→ **Task prompt**: Excluding pictures, reproduce word for word the lines from the one containing "Kaza mahalle yakınlarında" through the end of the material below.

→ **Supplied material**:
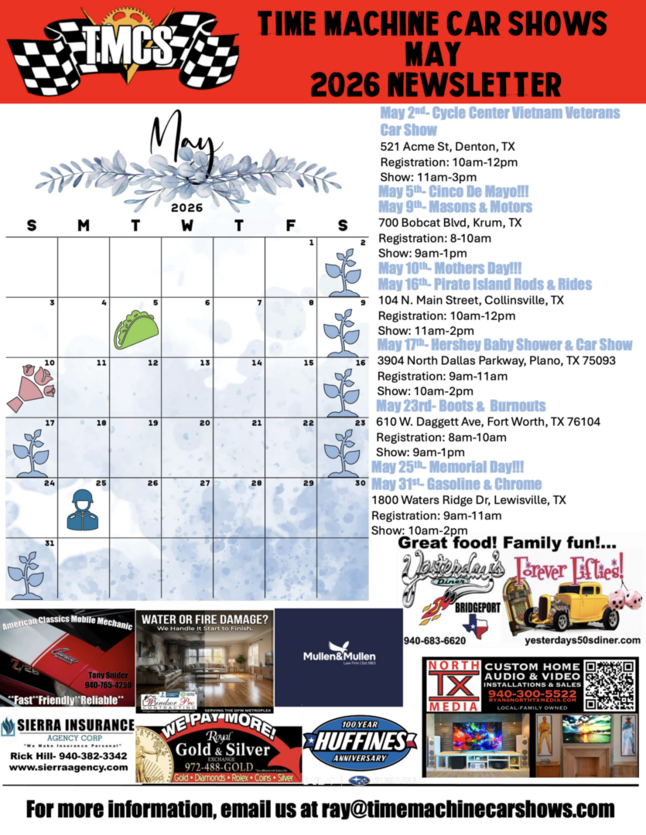 -Saturday, May 9th- Mason's & Motors (Krum, TX)
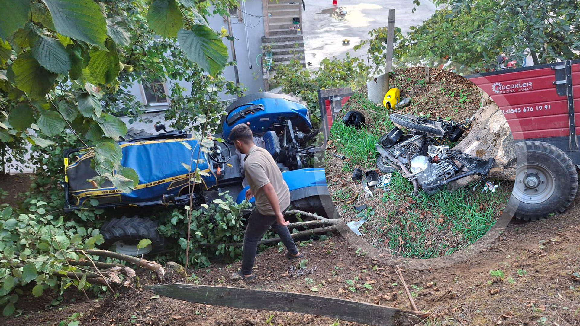 Kaza mahalle yakınlarında meydana geldi. Edinilen bilgilere göre motosiklet ile traktör çarpışırken, traktör sürücüsü bir süre sonra direksiyon hakimiyetini kaybetti. Fındık dallarını yerinden sökerek durabilen traktör yan yattı.
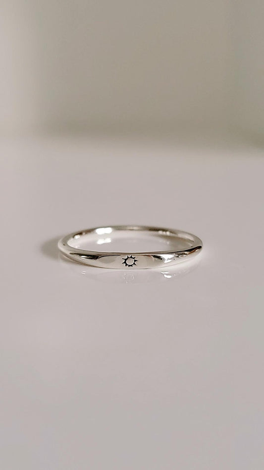 Dainty Sterling Silver Sun Ring: Minimalist 925 Stamped Band

→ **Output for this exercise**:
 Kaza mahalle yakınlarında meydana geldi. Edinilen bilgilere göre motosiklet ile traktör çarpışırken, traktör sürücüsü bir süre sonra direksiyon hakimiyetini kaybetti. Fındık dallarını yerinden sökerek durabilen traktör yan yattı.
 Dainty Sterling Silver Sun Ring: Minimalist 925 Stamped Band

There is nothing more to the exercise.